+++ RECORDS PROVIDED +++

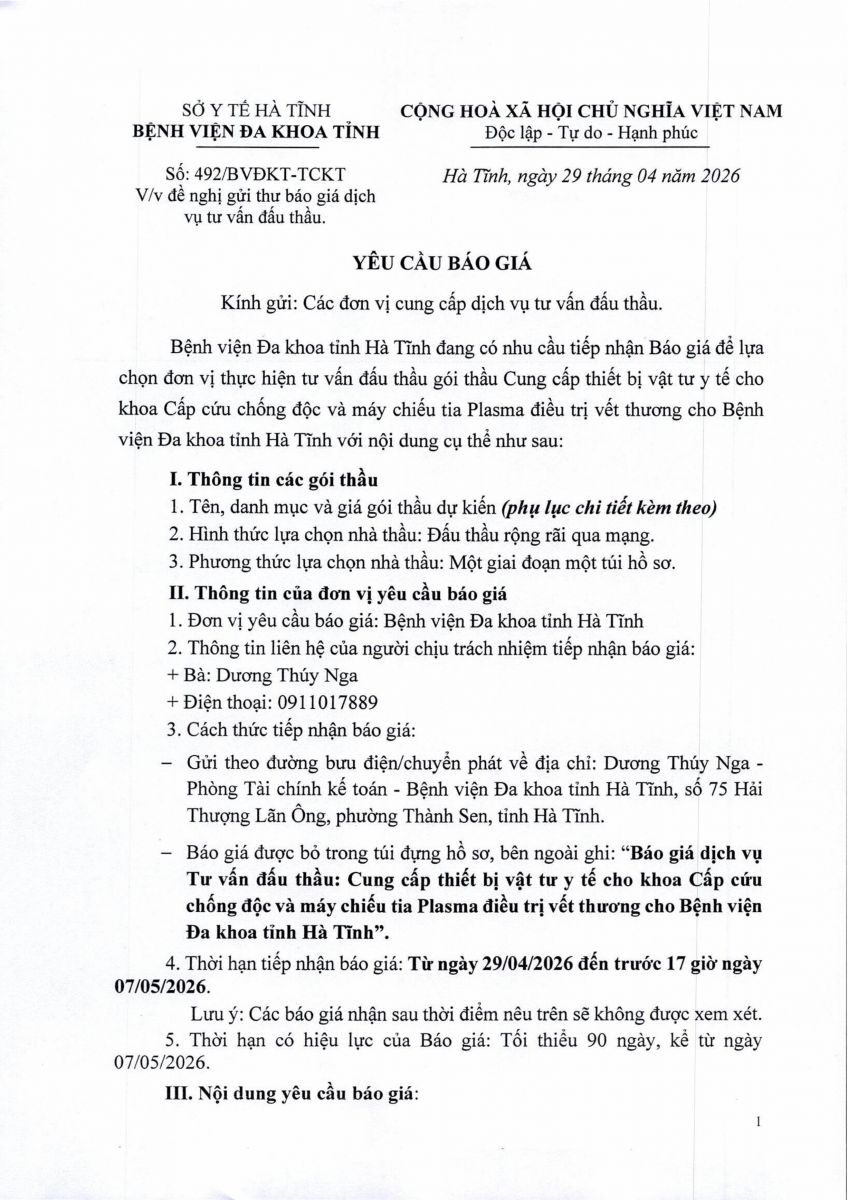 Bệnh viện Đa khoa tỉnh Hà Tĩnh đang có nhu cầu tiếp nhận Báo giá để lựa chọn đơn vị thực hiện tư vấn đấu thầu gói thầu Cung cấp thiết bị vật tư y tế cho khoa Cấp cứu chống độc và máy chiếu tia Plasma điều trị vết thương cho Bệnh viện Đa khoa tỉnh Hà Tĩnh với nội dung cụ thể như sau:
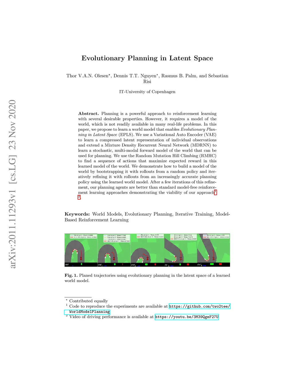 Planning is a powerful approach to reinforcement learning with several desirable properties. However, it requires a model of the world, which is not readily available in many real-life problems. In this paper, we propose to learn a world model that enables Evolutionary Planning in Latent Space (EPLS). We use a Variational Auto Encoder (VAE) to learn a compressed latent representation of individual observations and extend a Mixture Density Recurrent Neural Network (MDRNN) to learn a stochastic, multi-modal forward model of the world that can be used for planning. We use the Random Mutation Hill Climbing (RMHC) to find a sequence of actions that maximize expected reward in this learned model of the world. We demonstrate how to build a model of the world by bootstrapping it with rollouts from a random policy and iteratively refining it with rollouts from an increasingly accurate planning policy using the learned world model. After a few iterations of this refinement, our planning agents are better than standard model-free reinforcement learning approaches demonstrating the viability of our approach.
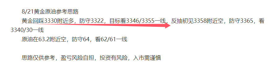 目前市场整体情绪紧张,因为俄乌三方谈判并不顺利,阶段性陷入了僵局,后续的话需要关注谈判进度,然后美联储九月份降息预期逐步落地,也需要关注利好的落地情况,黄金也是维持我们近期跟大家分享的震荡整理走势,早盘小幅反抽3346附近震荡回落,欧盘时段一波快速回落到3325附近然后迅速回升, 跟大家分享的3330附近多单目前也是反弹兑现到了第一目标位3345附近,大家注意保护利润,短期继续看整理走势,回踩3328附近继续多,关注3358/60附近压力情况,区间来回做,不过分追涨杀跌即可。
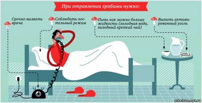 Если после употребления в пищу грибов появились признаки отравления, то необходимо срочно вызвать врача. До его прихода рекомендуется постельный режим и обильное питьё. Пить можно холодную воду, холодный крепкий чай. Также можно применить активированный уголь.
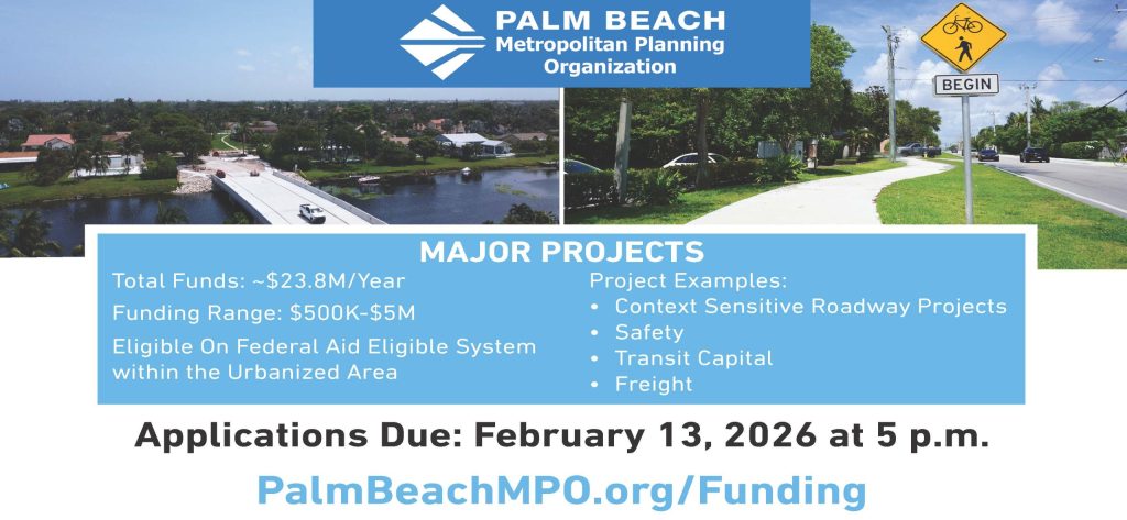 The MPO Major Projects list prioritizes state and federal funds annually for projects in Palm Beach County within the Urbanized Area. The MPO’s LRTP identifies the cost feasible and illustrative projects eligible for funding in the Transportation Improvement Program (TIP).
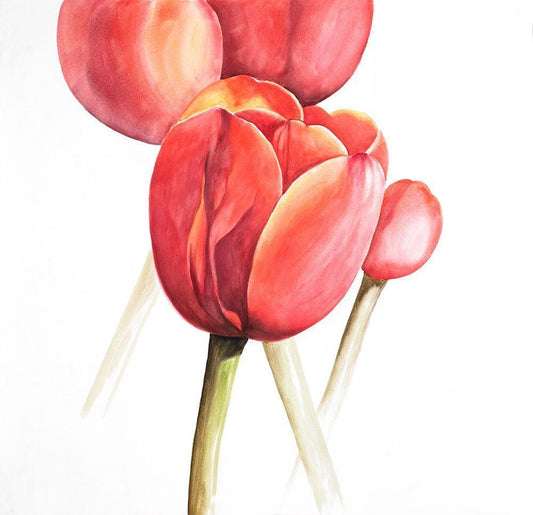 BLOSSOMING TULIPS CLOSEUP White Modern Wood Framed Art Print with Double Matting by Atelier B Art Studio
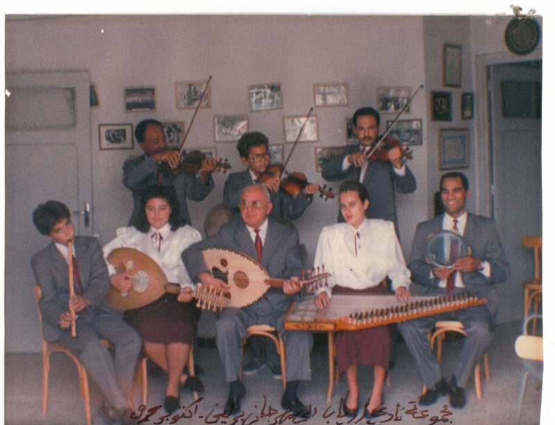 El profesor Salah El Mahdi aparece en el centro; a su lado, su nieta Sirine, seguida de su nieto Fares. A su izquierda, una de las jóvenes del club toca el qanún. Detrás de él, en el centro, su nieto Kais. A la derecha, el Sr. Anouar Cherfi.
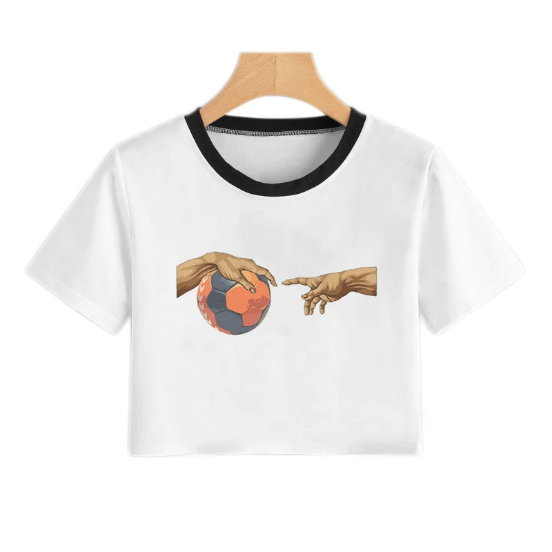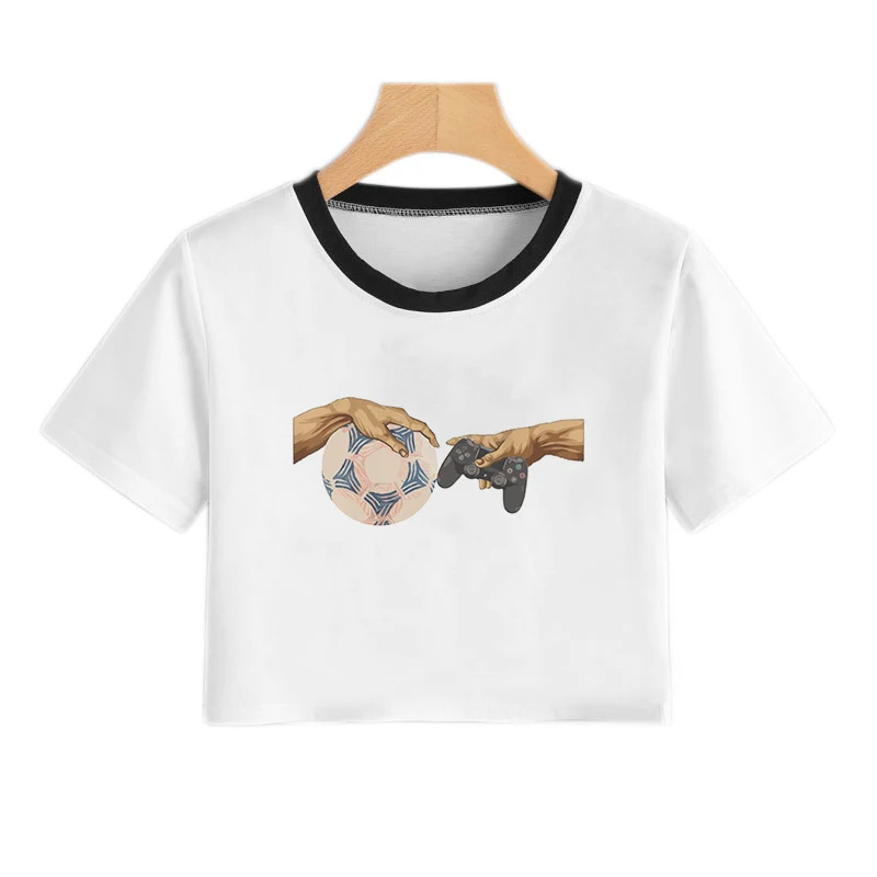 Женский короткий топ с рисунком Сакуры и карт, летняя модная футбол...
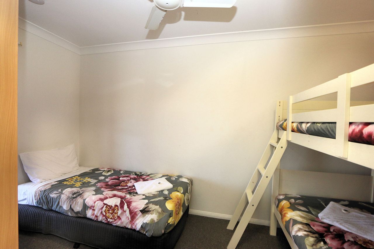 Sleeping arrangements include a separate bedroom with a bunk bed and single bed, plus a queen bed conveniently located in the living area. The villa features a well-equipped kitchen, washing machine and dryer, Wi-Fi, and a modern bathroom with a walk-in shower. Unwind after a day of exploring with a relaxing soak in the spa bath.
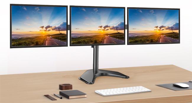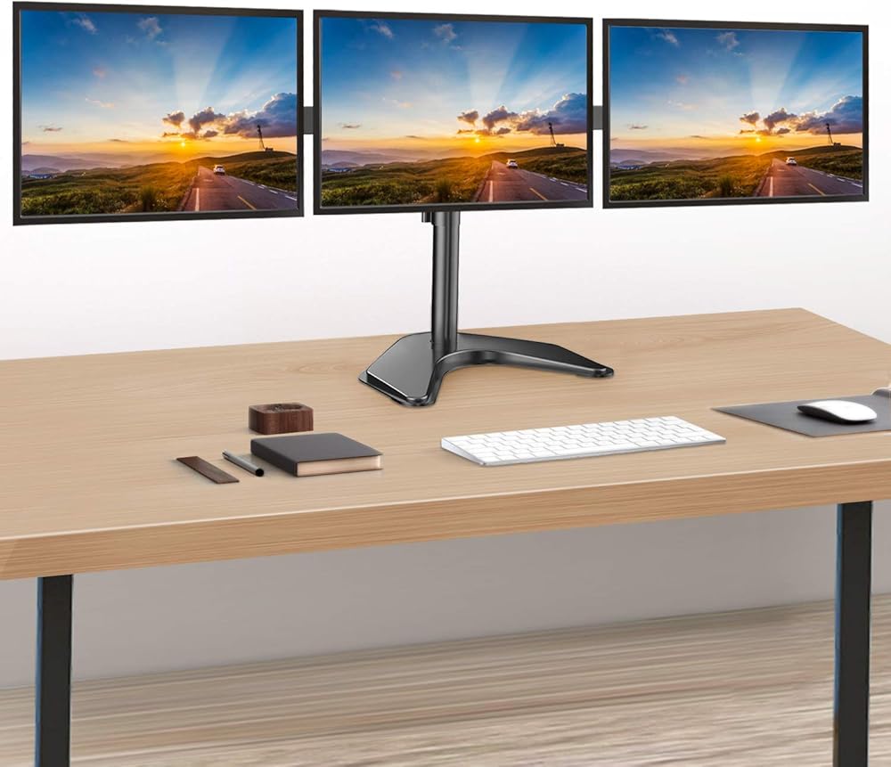 حامل شاشة ثلاثي HUANUO، حامل مكتب ثلاثي قائم بذاته للشاشات حتى 24 بوصة، ذراع شاشة عالي التحمل قابل للتعديل بالكامل، يحمل ما يصل إلى 22 رطلًا لكل منهما، VESA 75x75 أو 100x100
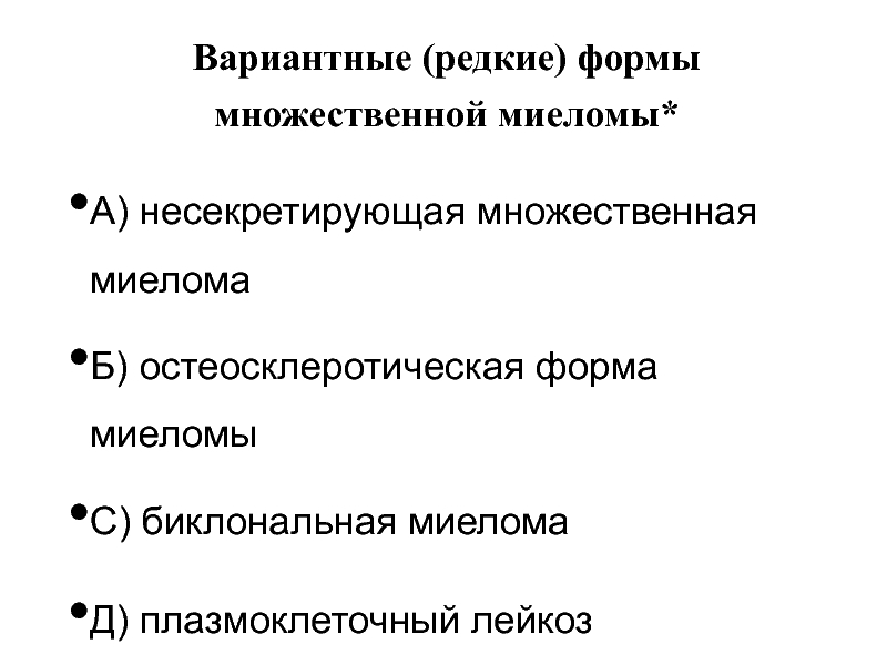 Слайд 7Вариантные (редкие) формы множественной миеломы*
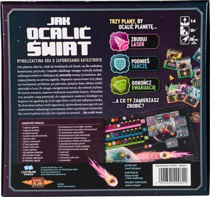 Jak ocalić świat to ambitna gra strategiczna, w której gracze stają przed wyzwaniem zarządzania zasobami, opracowywania nowych technologii i podejmowania kluczowych decyzji, które wpłyną na losy planety. Rozgrywka opiera się na cenionych mechanikach, takich jak worker placement, deck building czy bag building, co zapewnia emocjonujące i zróżnicowane doświadczenie każdemu uczestnikowi.
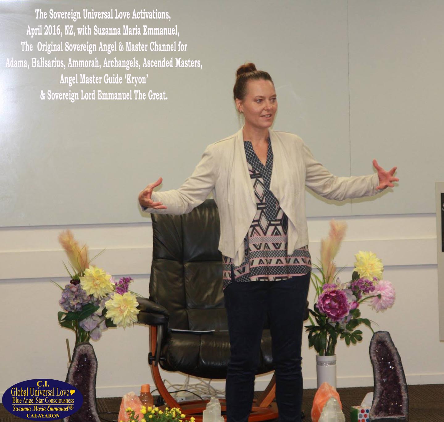 When people come to Caeayaron’s original Blue Star Sovereign Universal Love Activation Events, her personal commitment and dedication to the Divine Sovereign Universal Love is seen. Suzanna Maria Emmanuel stands on stage (for nearly 10 days with little time for tea breaks in between), in order for the Universal Love Teachers to graduate at the Sovereign Universal Love Activation Events. During the Sovereign Universal Love Star DNA Pineal Activation Events, Suzanna Maria Emmanuel is in full channel while she stands on stage with her eyes closed, seven to twelve hours per day, for most Activation Event days.

+++

• **AIM OF THE EXERCISE**:
In the copy, include each entry exactly as written and none of the pictures.

• **EXERCISE RESPONSE**:
 Bệnh viện Đa khoa tỉnh Hà Tĩnh đang có nhu cầu tiếp nhận Báo giá để lựa chọn đơn vị thực hiện tư vấn đấu thầu gói thầu Cung cấp thiết bị vật tư y tế cho khoa Cấp cứu chống độc và máy chiếu tia Plasma điều trị vết thương cho Bệnh viện Đa khoa tỉnh Hà Tĩnh với nội dung cụ thể như sau:
 Planning is a powerful approach to reinforcement learning with several desirable properties. However, it requires a model of the world, which is not readily available in many real-life problems. In this paper, we propose to learn a world model that enables Evolutionary Planning in Latent Space (EPLS). We use a Variational Auto Encoder (VAE) to learn a compressed latent representation of individual observations and extend a Mixture Density Recurrent Neural Network (MDRNN) to learn a stochastic, multi-modal forward model of the world that can be used for planning. We use the Random Mutation Hill Climbing (RMHC) to find a sequence of actions that maximize expected reward in this learned model of the world. We demonstrate how to build a model of the world by bootstrapping it with rollouts from a random policy and iteratively refining it with rollouts from an increasingly accurate planning policy using the learned world model. After a few iterations of this refinement, our planning agents are better than standard model-free reinforcement learning approaches demonstrating the viability of our approach.
 目前市场整体情绪紧张,因为俄乌三方谈判并不顺利,阶段性陷入了僵局,后续的话需要关注谈判进度,然后美联储九月份降息预期逐步落地,也需要关注利好的落地情况,黄金也是维持我们近期跟大家分享的震荡整理走势,早盘小幅反抽3346附近震荡回落,欧盘时段一波快速回落到3325附近然后迅速回升, 跟大家分享的3330附近多单目前也是反弹兑现到了第一目标位3345附近,大家注意保护利润,短期继续看整理走势,回踩3328附近继续多,关注3358/60附近压力情况,区间来回做,不过分追涨杀跌即可。
 Если после употребления в пищу грибов появились признаки отравления, то необходимо срочно вызвать врача. До его прихода рекомендуется постельный режим и обильное питьё. Пить можно холодную воду, холодный крепкий чай. Также можно применить активированный уголь.
 The MPO Major Projects list prioritizes state and federal funds annually for projects in Palm Beach County within the Urbanized Area. The MPO’s LRTP identifies the cost feasible and illustrative projects eligible for funding in the Transportation Improvement Program (TIP).
 BLOSSOMING TULIPS CLOSEUP White Modern Wood Framed Art Print with Double Matting by Atelier B Art Studio
 El profesor Salah El Mahdi aparece en el centro; a su lado, su nieta Sirine, seguida de su nieto Fares. A su izquierda, una de las jóvenes del club toca el qanún. Detrás de él, en el centro, su nieto Kais. A la derecha, el Sr. Anouar Cherfi.
 Женский короткий топ с рисунком Сакуры и карт, летняя модная футбол...
 Sleeping arrangements include a separate bedroom with a bunk bed and single bed, plus a queen bed conveniently located in the living area. The villa features a well-equipped kitchen, washing machine and dryer, Wi-Fi, and a modern bathroom with a walk-in shower. Unwind after a day of exploring with a relaxing soak in the spa bath.
 حامل شاشة ثلاثي HUANUO، حامل مكتب ثلاثي قائم بذاته للشاشات حتى 24 بوصة، ذراع شاشة عالي التحمل قابل للتعديل بالكامل، يحمل ما يصل إلى 22 رطلًا لكل منهما، VESA 75x75 أو 100x100
 Слайд 7Вариантные (редкие) формы множественной миеломы*
 Jak ocalić świat to ambitna gra strategiczna, w której gracze stają przed wyzwaniem zarządzania zasobami, opracowywania nowych technologii i podejmowania kluczowych decyzji, które wpłyną na losy planety. Rozgrywka opiera się na cenionych mechanikach, takich jak worker placement, deck building czy bag building, co zapewnia emocjonujące i zróżnicowane doświadczenie każdemu uczestnikowi.
 When people come to Caeayaron’s original Blue Star Sovereign Universal Love Activation Events, her personal commitment and dedication to the Divine Sovereign Universal Love is seen. Suzanna Maria Emmanuel stands on stage (for nearly 10 days with little time for tea breaks in between), in order for the Universal Love Teachers to graduate at the Sovereign Universal Love Activation Events. During the Sovereign Universal Love Star DNA Pineal Activation Events, Suzanna Maria Emmanuel is in full channel while she stands on stage with her eyes closed, seven to twelve hours per day, for most Activation Event days.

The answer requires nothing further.